Your instructions:
Write out only the lines from the line containing "With feminine frills" to the end of the listing below, both included, exactly as they stand. Drop the pictures.
[Material for the task — start]
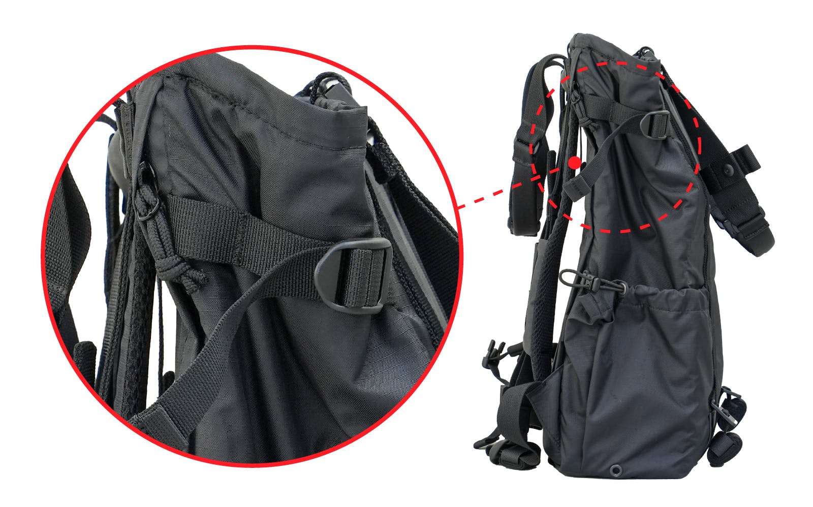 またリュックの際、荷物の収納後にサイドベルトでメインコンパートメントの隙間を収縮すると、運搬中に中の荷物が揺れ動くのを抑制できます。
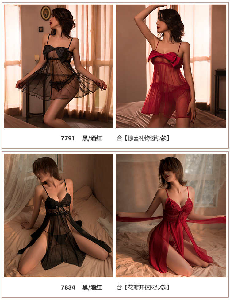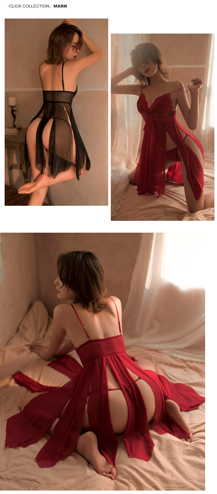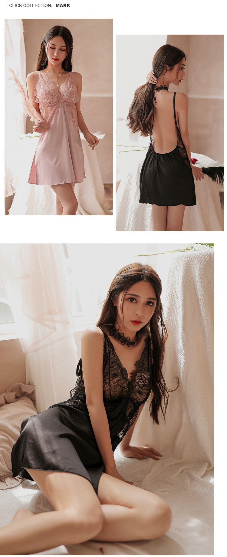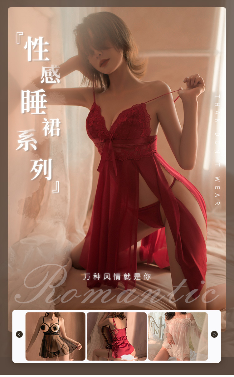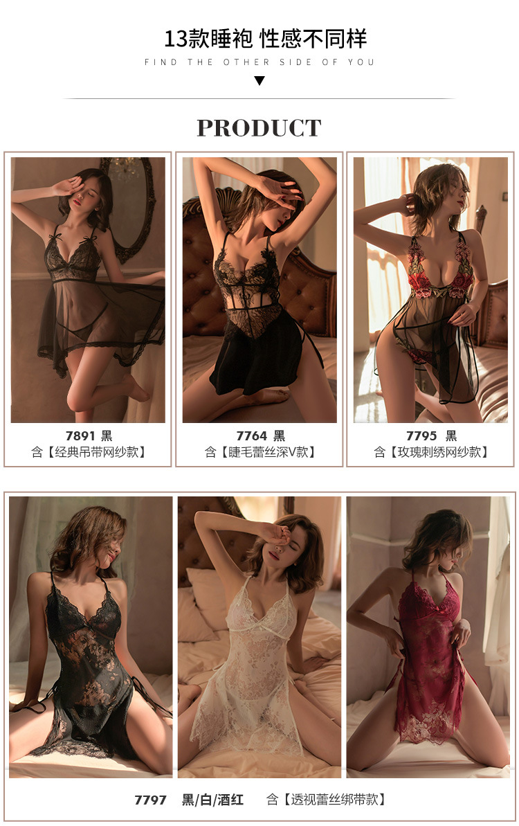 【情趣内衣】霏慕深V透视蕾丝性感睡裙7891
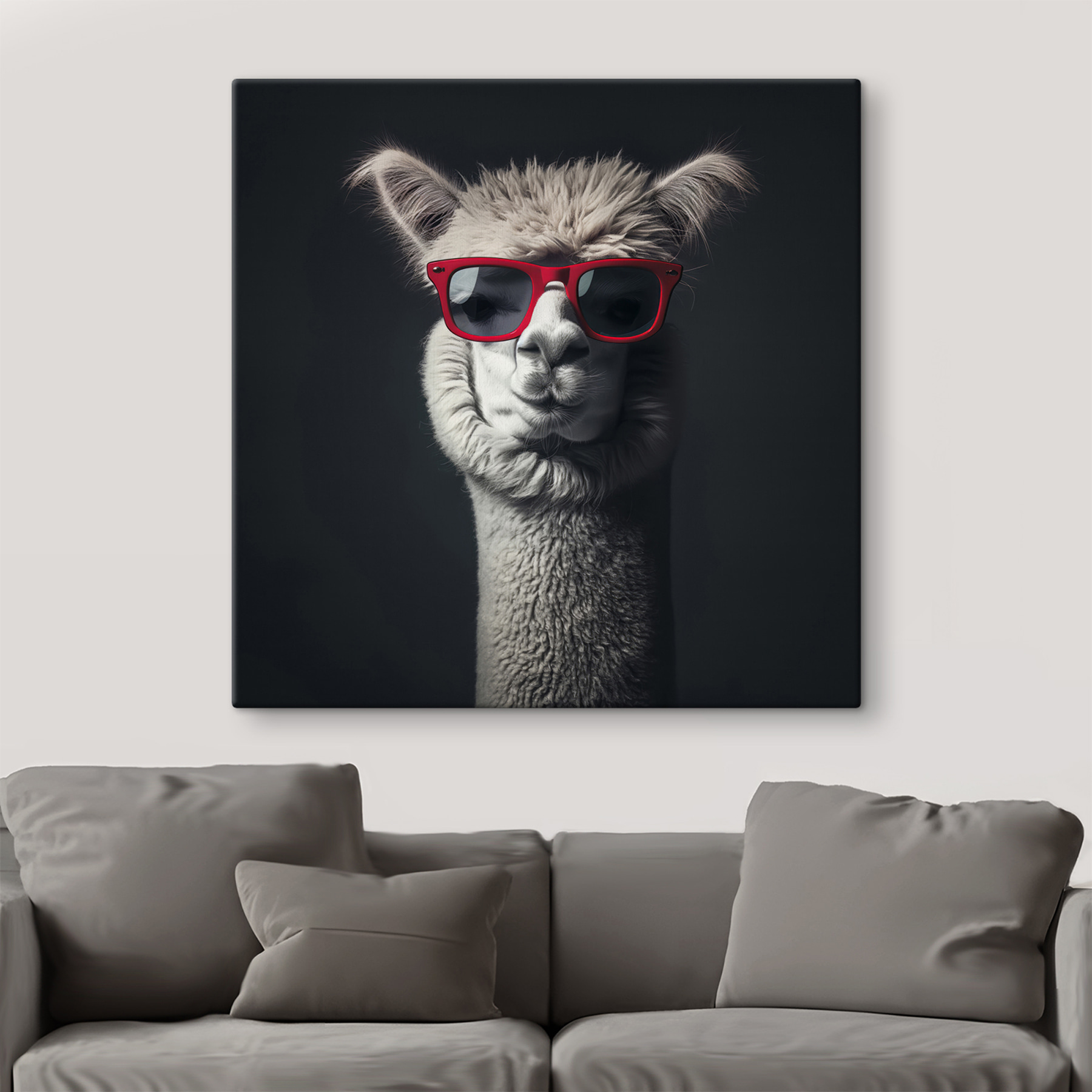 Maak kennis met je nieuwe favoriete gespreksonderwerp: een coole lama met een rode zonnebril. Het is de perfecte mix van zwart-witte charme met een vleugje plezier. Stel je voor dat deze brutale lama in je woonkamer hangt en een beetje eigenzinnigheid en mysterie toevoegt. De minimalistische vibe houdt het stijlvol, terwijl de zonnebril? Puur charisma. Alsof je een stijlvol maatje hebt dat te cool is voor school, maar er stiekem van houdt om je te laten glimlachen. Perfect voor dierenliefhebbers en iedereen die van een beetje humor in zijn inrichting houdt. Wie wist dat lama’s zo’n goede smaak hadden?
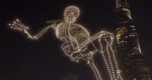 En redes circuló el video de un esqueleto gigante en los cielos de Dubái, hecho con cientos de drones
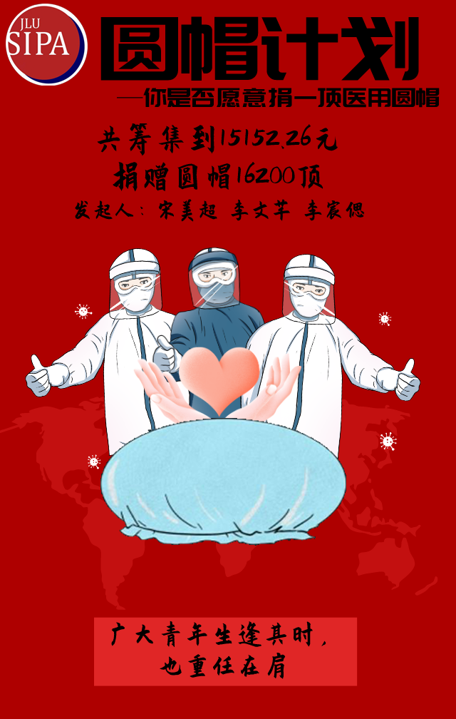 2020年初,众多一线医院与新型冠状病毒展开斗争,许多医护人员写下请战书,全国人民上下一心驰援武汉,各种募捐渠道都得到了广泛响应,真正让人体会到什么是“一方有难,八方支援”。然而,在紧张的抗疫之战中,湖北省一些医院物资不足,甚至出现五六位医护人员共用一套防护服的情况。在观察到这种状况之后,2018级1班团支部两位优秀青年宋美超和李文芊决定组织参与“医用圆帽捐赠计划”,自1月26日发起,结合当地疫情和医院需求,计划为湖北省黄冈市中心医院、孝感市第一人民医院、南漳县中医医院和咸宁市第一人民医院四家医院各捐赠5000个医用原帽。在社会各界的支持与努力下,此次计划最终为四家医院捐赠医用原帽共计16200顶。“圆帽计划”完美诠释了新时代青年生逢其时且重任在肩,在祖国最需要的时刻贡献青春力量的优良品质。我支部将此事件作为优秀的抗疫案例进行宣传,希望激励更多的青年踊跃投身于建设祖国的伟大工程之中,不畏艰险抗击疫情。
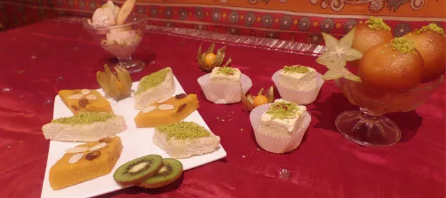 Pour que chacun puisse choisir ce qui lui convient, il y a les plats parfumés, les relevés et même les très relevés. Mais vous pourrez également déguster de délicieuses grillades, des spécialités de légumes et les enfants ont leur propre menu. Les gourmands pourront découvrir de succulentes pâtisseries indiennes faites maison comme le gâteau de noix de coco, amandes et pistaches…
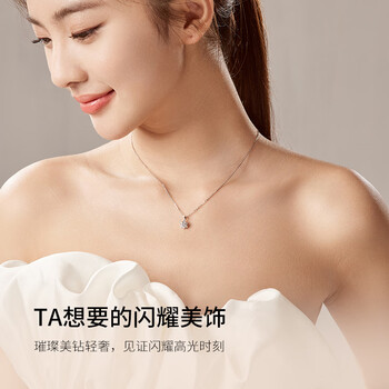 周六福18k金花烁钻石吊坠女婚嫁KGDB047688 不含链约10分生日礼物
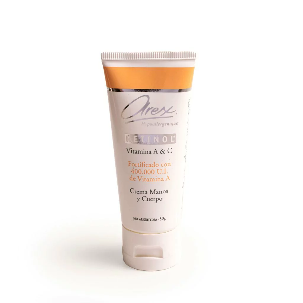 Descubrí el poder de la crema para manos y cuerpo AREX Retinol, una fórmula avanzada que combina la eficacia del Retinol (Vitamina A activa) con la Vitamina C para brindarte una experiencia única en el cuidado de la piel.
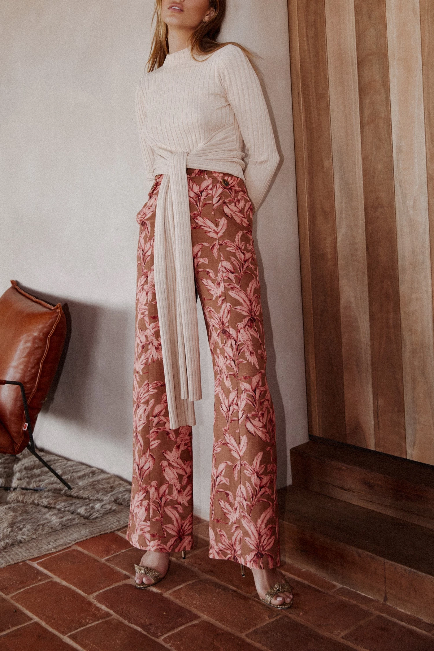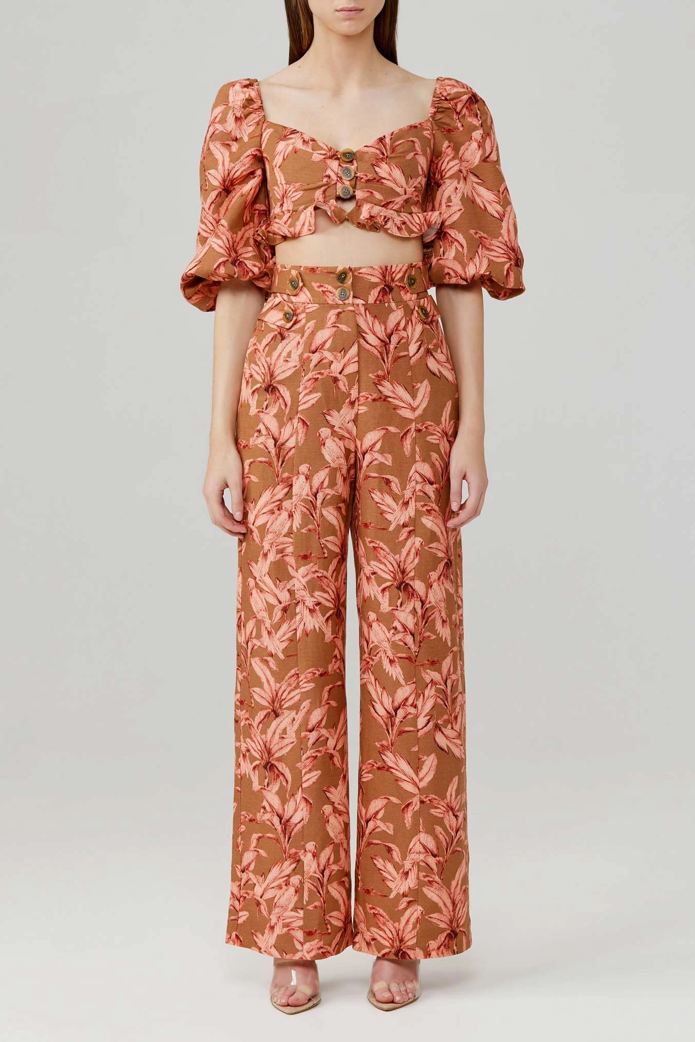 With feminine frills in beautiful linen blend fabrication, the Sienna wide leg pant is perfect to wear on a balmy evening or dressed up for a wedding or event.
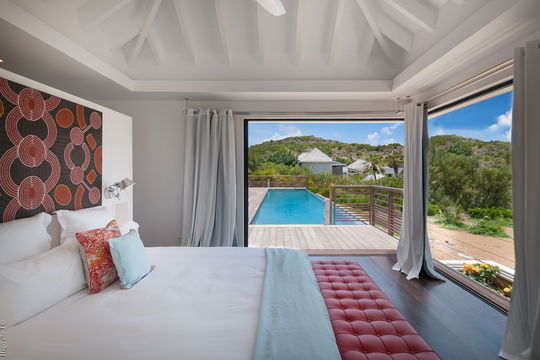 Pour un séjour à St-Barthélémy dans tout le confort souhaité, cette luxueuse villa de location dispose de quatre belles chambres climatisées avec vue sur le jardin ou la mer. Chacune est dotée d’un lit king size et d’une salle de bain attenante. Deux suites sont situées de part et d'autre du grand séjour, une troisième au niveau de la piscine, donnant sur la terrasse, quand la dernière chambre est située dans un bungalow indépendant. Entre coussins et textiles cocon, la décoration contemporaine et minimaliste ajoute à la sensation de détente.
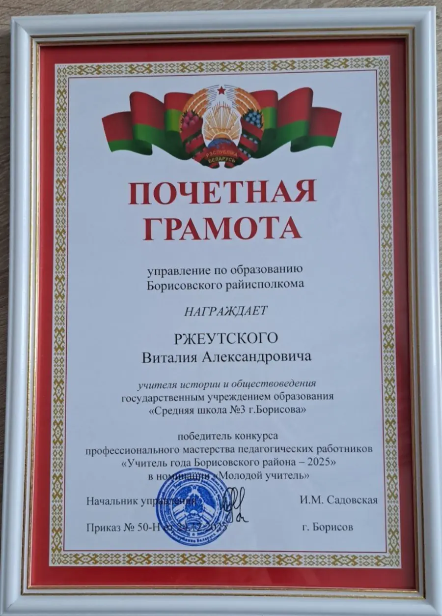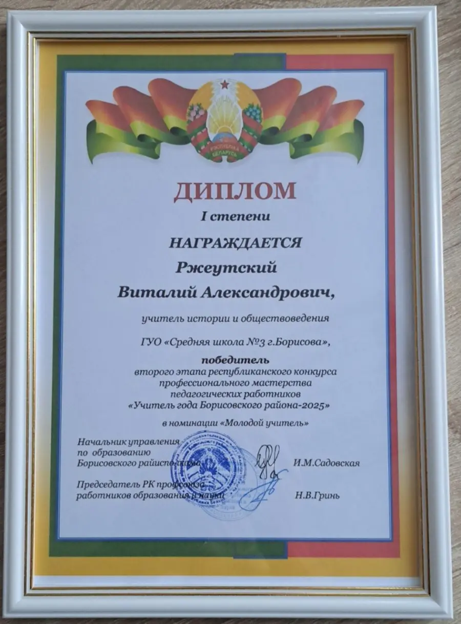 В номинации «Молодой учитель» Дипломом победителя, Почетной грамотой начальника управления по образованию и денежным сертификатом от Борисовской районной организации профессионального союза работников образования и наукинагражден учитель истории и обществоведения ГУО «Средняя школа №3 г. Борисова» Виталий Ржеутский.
[Material for the task — finish]
Written solution:
 With feminine frills in beautiful linen blend fabrication, the Sienna wide leg pant is perfect to wear on a balmy evening or dressed up for a wedding or event.
 Pour un séjour à St-Barthélémy dans tout le confort souhaité, cette luxueuse villa de location dispose de quatre belles chambres climatisées avec vue sur le jardin ou la mer. Chacune est dotée d’un lit king size et d’une salle de bain attenante. Deux suites sont situées de part et d'autre du grand séjour, une troisième au niveau de la piscine, donnant sur la terrasse, quand la dernière chambre est située dans un bungalow indépendant. Entre coussins et textiles cocon, la décoration contemporaine et minimaliste ajoute à la sensation de détente.
 В номинации «Молодой учитель» Дипломом победителя, Почетной грамотой начальника управления по образованию и денежным сертификатом от Борисовской районной организации профессионального союза работников образования и наукинагражден учитель истории и обществоведения ГУО «Средняя школа №3 г. Борисова» Виталий Ржеутский.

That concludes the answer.